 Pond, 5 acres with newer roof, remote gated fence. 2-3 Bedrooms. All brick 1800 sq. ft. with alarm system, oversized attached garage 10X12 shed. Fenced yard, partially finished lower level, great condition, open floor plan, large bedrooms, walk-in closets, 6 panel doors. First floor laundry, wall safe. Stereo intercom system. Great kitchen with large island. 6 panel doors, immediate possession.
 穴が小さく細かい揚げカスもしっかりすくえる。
...
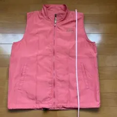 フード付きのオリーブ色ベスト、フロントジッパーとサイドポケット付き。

* _WORK TO BE COMPLETED_: Using the entries above, return exactly the lines from the line with "Pond, 5 acres" to the line with "穴が小さく細かい揚げカスもしっかりすくえる。", counting both of those lines.

* _SOLVED PROBLEM_:
 Pond, 5 acres with newer roof, remote gated fence. 2-3 Bedrooms. All brick 1800 sq. ft. with alarm system, oversized attached garage 10X12 shed. Fenced yard, partially finished lower level, great condition, open floor plan, large bedrooms, walk-in closets, 6 panel doors. First floor laundry, wall safe. Stereo intercom system. Great kitchen with large island. 6 panel doors, immediate possession.
 穴が小さく細かい揚げカスもしっかりすくえる。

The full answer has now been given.